A brute-force approach would involve checking every possible substring of the given string to see if it meets the even vowel count criteria. For each substring, we count the occurrences of each vowel and determine if they are all even. This approach has a high time complexity, making it inefficient for large strings.

Optimal Approach

To solve this problem efficiently, we can use a bit manipulation and prefix sum approach. Here's the breakdown:

  1. Vowel Mapping: Assign each vowel a unique bit position (e.g., a=0, e=1, i=2, o=3, u=4).
  2. Mask Creation: Iterate through the string. If a vowel is encountered, toggle the corresponding bit in a mask. The mask represents the parity (even or odd) of vowel counts.
  3. Hash Map: Store the mask along with its index in a hash map. If the same mask appears again, it means the vowels between the two indices have even counts.
  4. Maximum Length: Keep track of the maximum length of the substring found so far.

Big(O) Run-Time Analysis

  • Time Complexity: O(n), where n is the length of the string. The algorithm iterates through the string once. Hash map operations (lookup and insertion) take O(1) time on average.

    • The outer loop iterates through each character of the string s, which takes O(n) time.
    • Inside the loop, the operations such as checking if a character is in vowel_indices, XORing the mask, and hash map lookups/insertions take O(1) time on average.
    • Therefore, the overall time complexity is dominated by the loop, resulting in O(n).

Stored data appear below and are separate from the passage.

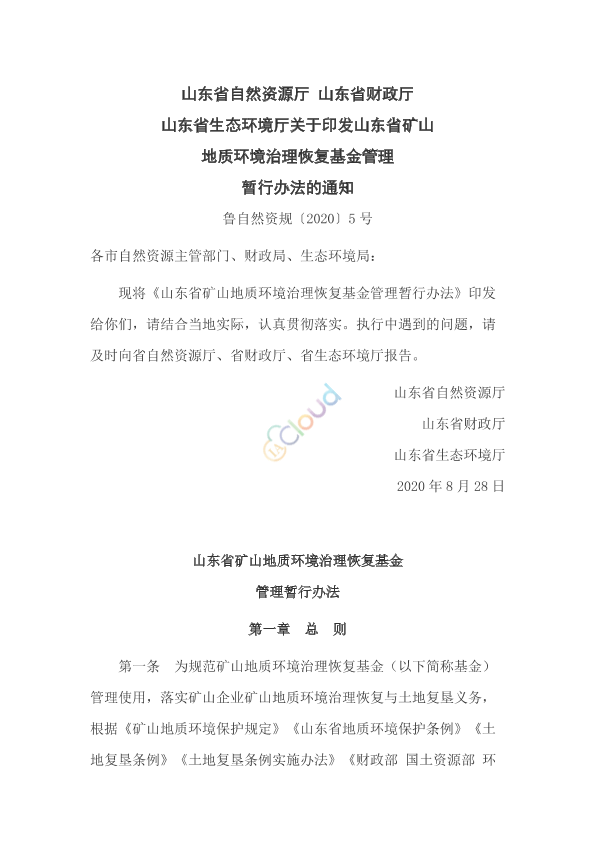 各市自然资源主管部门、财政局、生态环境局: 现将《山东省矿山地质环境治理恢复基金管理暂行办法》印发给你们,请结合当地实际,认真贯彻落实。执行中遇到的问题,请及时向省自然资源厅、省财政厅、省生态环境厅报告。
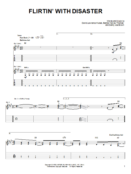 Download or print Molly Hatchet Flirtin' With Disaster sheet music, chords and digital score arranged for Guitar Tab (Single Guitar). This Metal score includes 12 page(s).
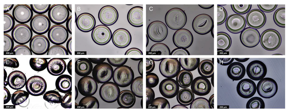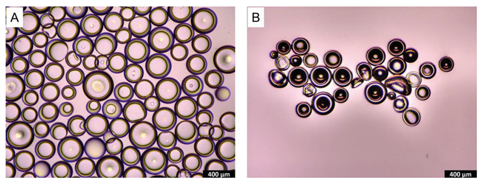 图3.经过4个水合和脱水循环的水合和干燥APCN微胶囊的透射光显微镜图像。
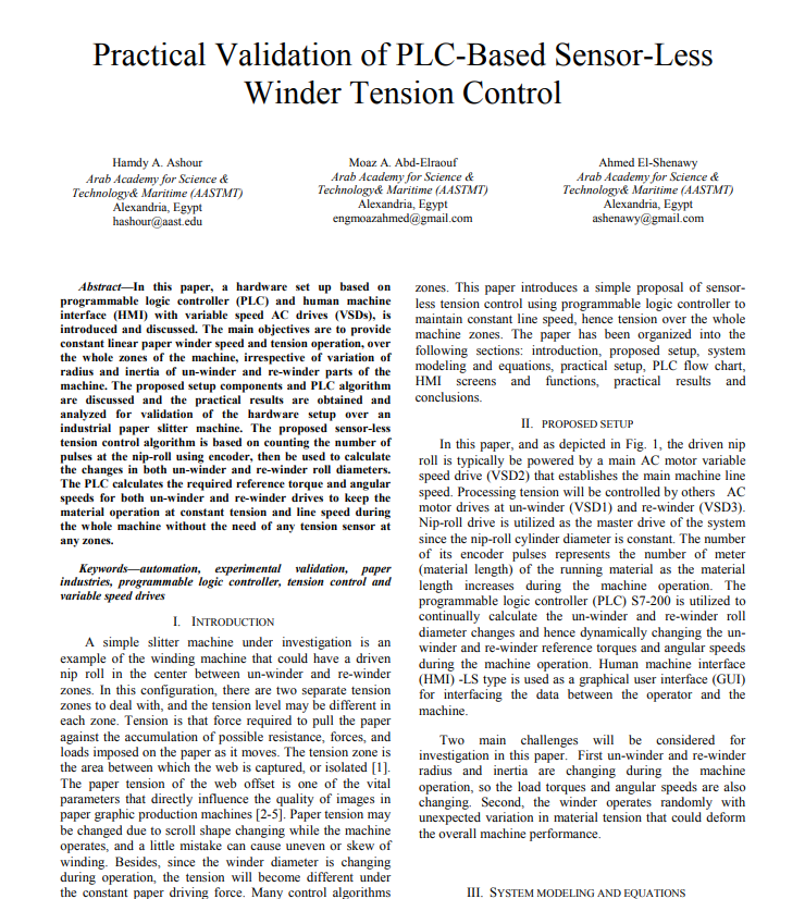 放卷端和收卷端都是独立控制的伺服电机,设定放卷为恒速度控制,收卷为恒张力控制,控制PLC输出控制量,使得放卷线速度恒定,收卷跟随放卷速度,并在此基础上根据系统当前张力状况,调节收卷线速度,使得系统维持张力恒定。

Big(O) Space Usage Analysis

  • Space Complexity: O(1) (more precisely, O(2^k) where k is the number of vowels, in this case 5, so O(32)).
    • The vowel_indices dictionary stores the indices of vowels, which takes O(1) space because the number of vowels is constant.
    • The mask_map hash map stores at most 25 = 32 different masks (since each of the 5 vowels can be either even or odd), which is constant space.
    • The mask variable takes constant space.
    • Therefore, the space complexity is O(1).

Edge Cases

  1. Empty String: If the input string is empty, the function should return 0, as there are no substrings to evaluate.
  2. String with No Vowels: If the string contains no vowels, the entire string is a valid substring, and its length should be returned.
  3. String with Only Even Vowel Counts: If the entire string has an even number of each vowel, its length should be returned.
  4. String with Only Odd Vowel Counts: If no substring has an even count of all vowels, the function should return 0.
  5. Very Long Strings: The algorithm should efficiently handle very long strings (up to 5 x 10^5 characters) without exceeding time or memory limits.